# Collected data:
═══

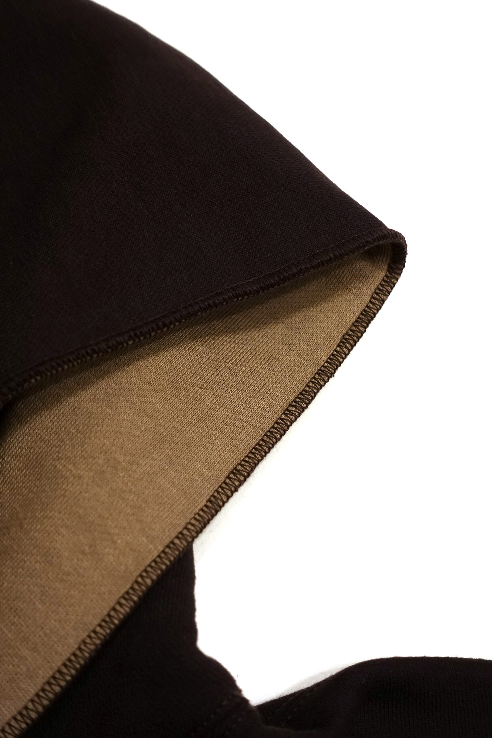フードはダブルフェイスの2重構造で張り合せはロック始末による大変特徴のある仕上がり。
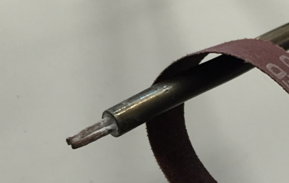 - Use sandpaper to clean sheath approximately 100mm (4”) from end
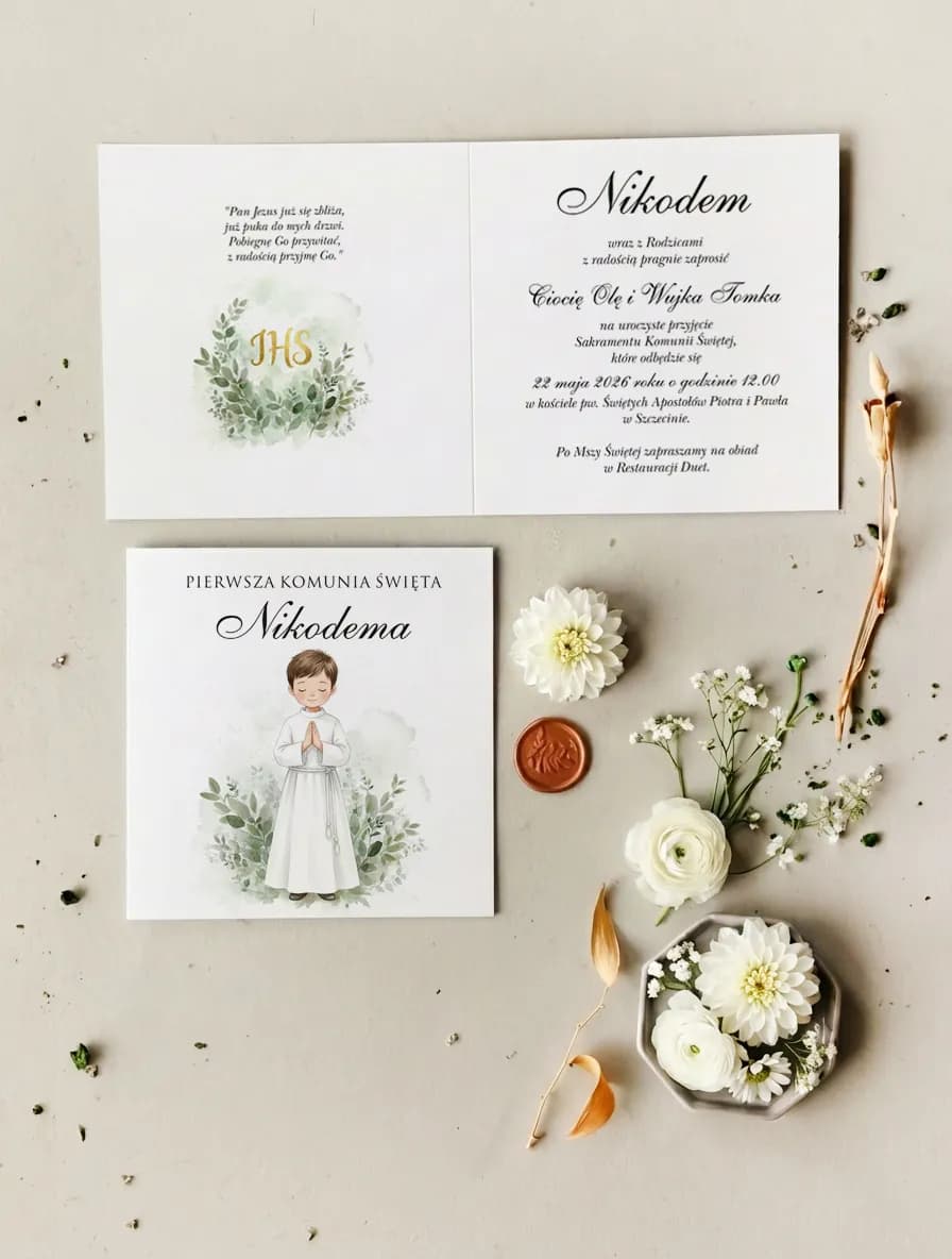 To zaproszenie komunijne z ilustracją chłopca, które wielu rodziców wybiera właśnie ze względu na jego spokój oraz subtelność przekazu.

═══

# What you are asked to do:
Leaving out the pictures, reproduce the whole listing above exactly.

# Finished task:
フードはダブルフェイスの2重構造で張り合せはロック始末による大変特徴のある仕上がり。
 - Use sandpaper to clean sheath approximately 100mm (4”) from end
 To zaproszenie komunijne z ilustracją chłopca, które wielu rodziców wybiera właśnie ze względu na jego spokój oraz subtelność przekazu.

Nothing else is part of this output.